** Raw data **
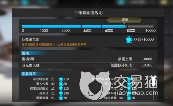 家具的除了可以用来改变巨像的外观,其最大的用处就是可以提升巨像的氛围值了,巨像的氛围值越高的话,光灵们赠送道具给玩家的几率就会越高,光灵们赠送的礼物除了有白夜币外,有时还会赠送珍贵的光珀哦!这也是玩家们主要获得光珀的来源之一。
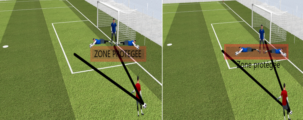 – Ils perdent totalement un côté d’intervention, car leur plongeon finira en dehors du terrain côté ligne de sortie de but.
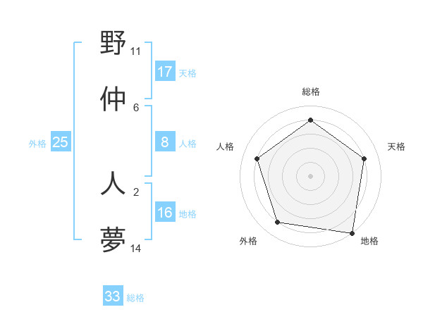 野仲 人夢さんの総格は33画の4点!

** Aim of the exercise **
Would you please set down the data above again exactly, without its pictures?

** Result of the task **
 家具的除了可以用来改变巨像的外观,其最大的用处就是可以提升巨像的氛围值了,巨像的氛围值越高的话,光灵们赠送道具给玩家的几率就会越高,光灵们赠送的礼物除了有白夜币外,有时还会赠送珍贵的光珀哦!这也是玩家们主要获得光珀的来源之一。
 – Ils perdent totalement un côté d’intervention, car leur plongeon finira en dehors du terrain côté ligne de sortie de but.
 野仲 人夢さんの総格は33画の4点!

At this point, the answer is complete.